Records from a collection:
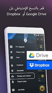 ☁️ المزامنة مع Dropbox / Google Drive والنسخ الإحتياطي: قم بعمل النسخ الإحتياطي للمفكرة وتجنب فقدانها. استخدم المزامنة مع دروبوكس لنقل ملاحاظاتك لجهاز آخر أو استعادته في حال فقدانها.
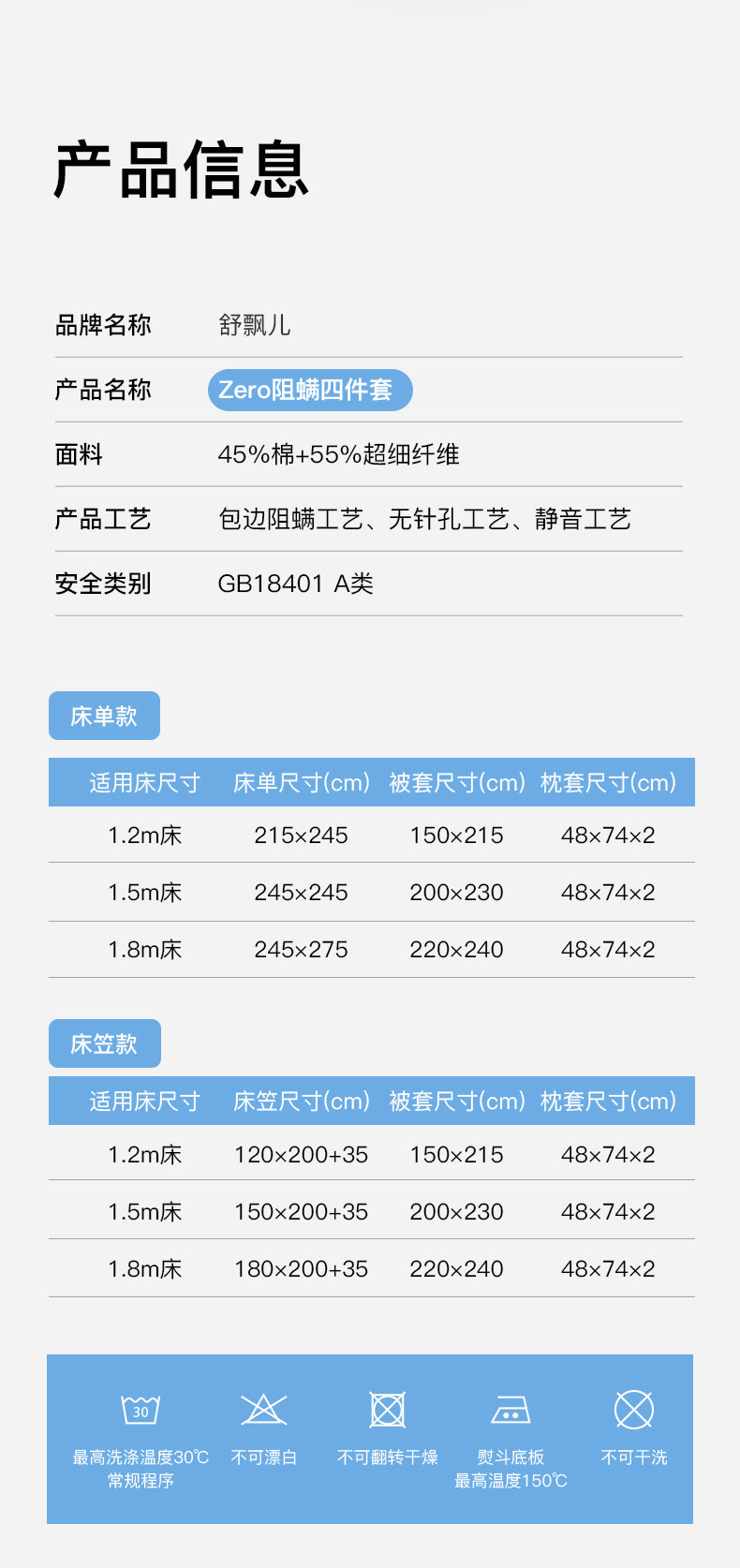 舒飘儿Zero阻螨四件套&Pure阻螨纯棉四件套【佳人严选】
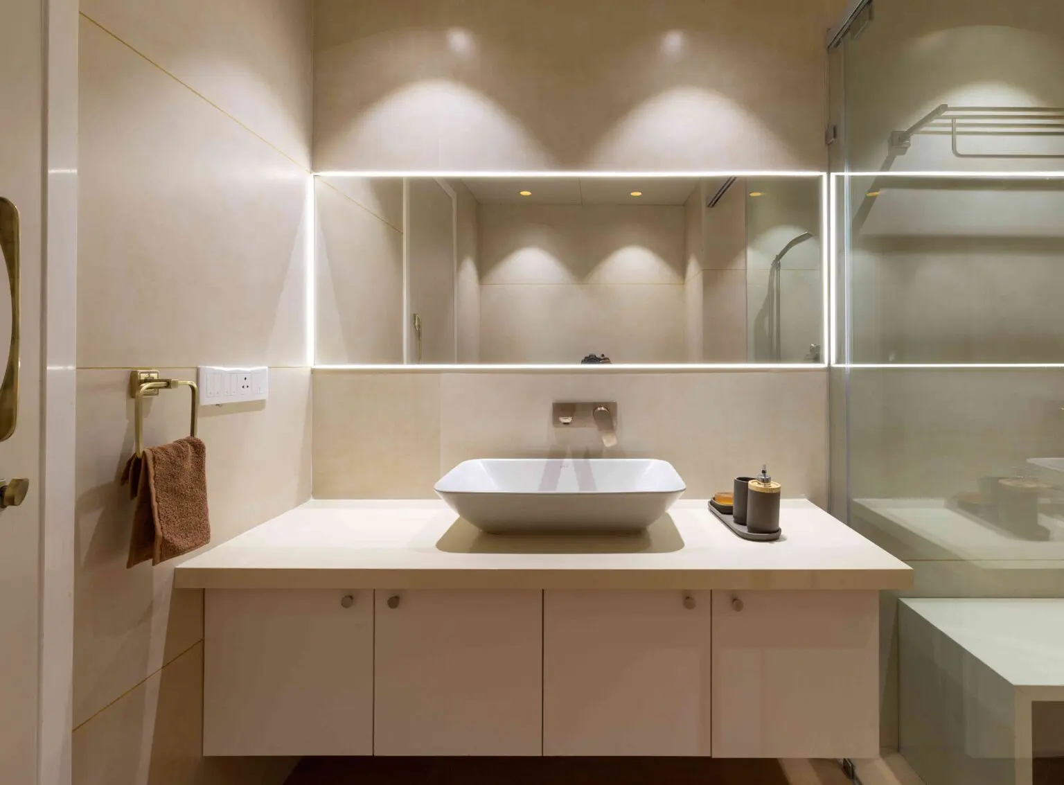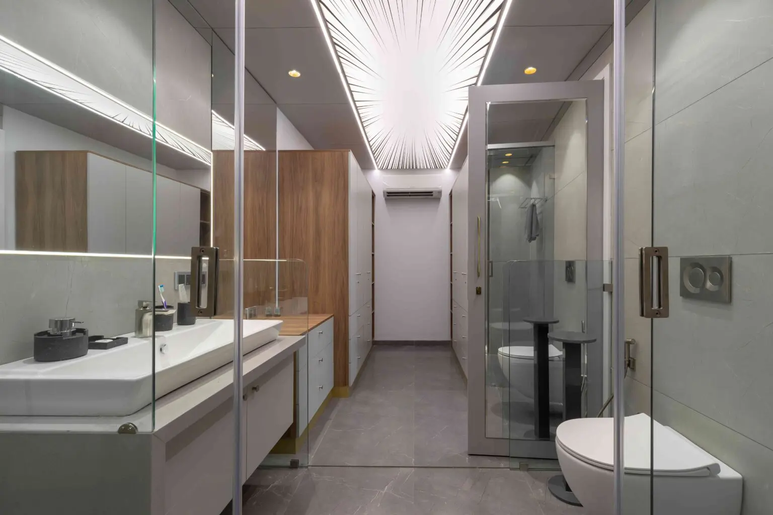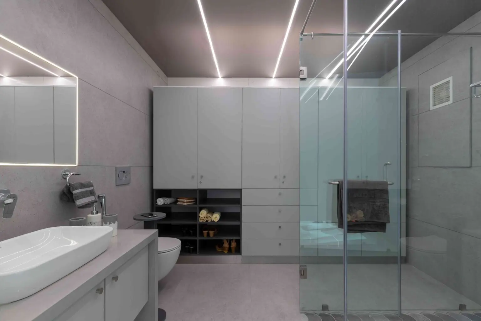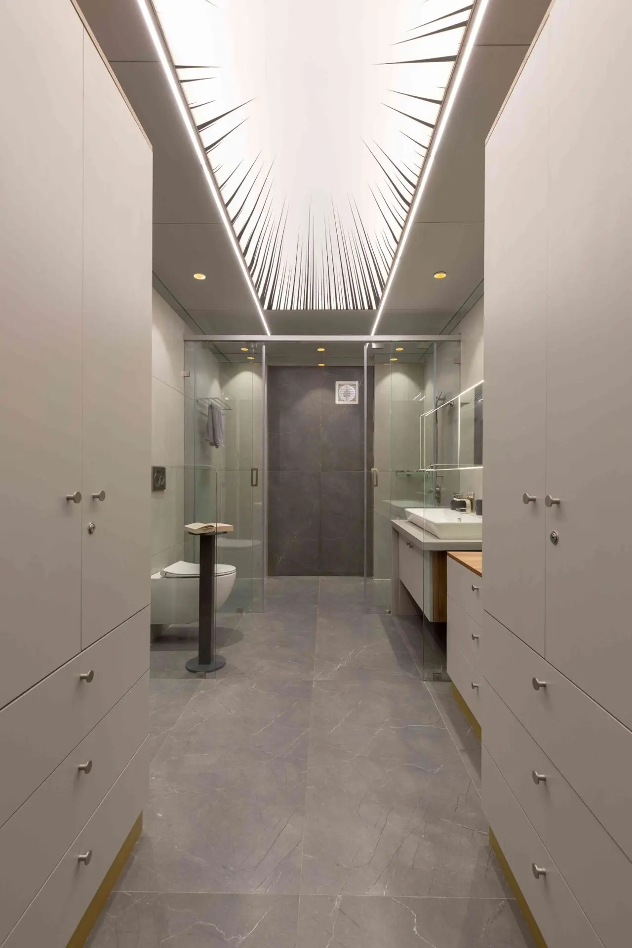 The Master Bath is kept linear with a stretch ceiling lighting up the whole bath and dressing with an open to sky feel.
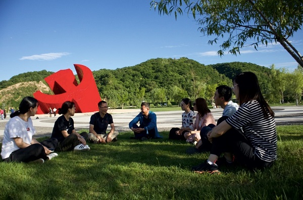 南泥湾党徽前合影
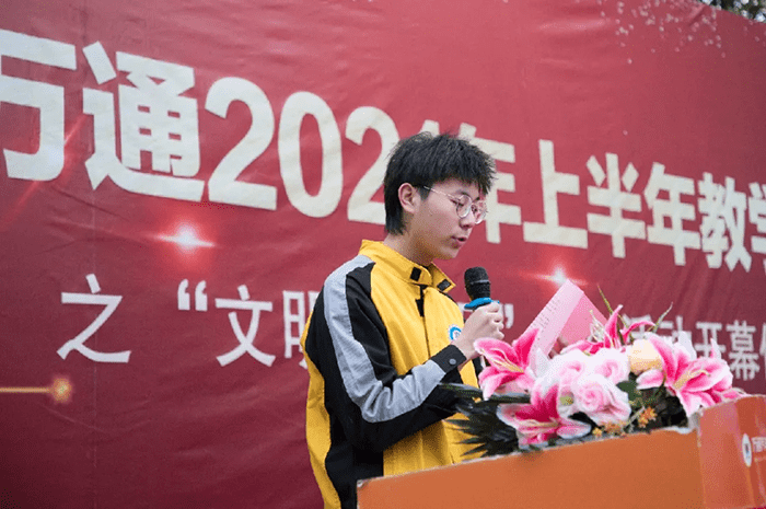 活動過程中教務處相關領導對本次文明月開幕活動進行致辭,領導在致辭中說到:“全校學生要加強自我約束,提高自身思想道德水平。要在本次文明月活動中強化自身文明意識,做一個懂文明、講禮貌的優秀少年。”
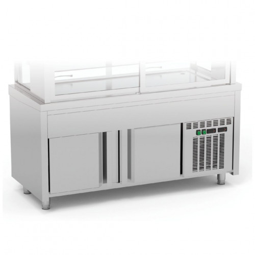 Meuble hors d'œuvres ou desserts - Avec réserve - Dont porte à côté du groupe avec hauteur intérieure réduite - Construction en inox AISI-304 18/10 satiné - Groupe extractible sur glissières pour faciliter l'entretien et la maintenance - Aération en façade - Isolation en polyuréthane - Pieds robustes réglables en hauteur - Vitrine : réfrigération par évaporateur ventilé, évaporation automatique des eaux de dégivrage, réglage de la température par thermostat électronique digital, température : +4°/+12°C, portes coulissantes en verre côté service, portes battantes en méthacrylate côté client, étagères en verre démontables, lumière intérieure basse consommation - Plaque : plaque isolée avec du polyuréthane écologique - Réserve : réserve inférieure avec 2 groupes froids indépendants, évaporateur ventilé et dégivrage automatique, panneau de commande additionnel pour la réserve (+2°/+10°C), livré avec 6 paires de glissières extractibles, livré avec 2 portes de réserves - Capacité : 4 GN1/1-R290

__Exercise prompt__.
Keep to the lines above from the line with "The Master Bath" to the line with "活動過程中教務處相關領導對本", and set down exactly those, inclusive, with nothing else and every picture left out.

__Output for this exercise__.
 The Master Bath is kept linear with a stretch ceiling lighting up the whole bath and dressing with an open to sky feel.
 南泥湾党徽前合影
 活動過程中教務處相關領導對本次文明月開幕活動進行致辭,領導在致辭中說到:“全校學生要加強自我約束,提高自身思想道德水平。要在本次文明月活動中強化自身文明意識,做一個懂文明、講禮貌的優秀少年。”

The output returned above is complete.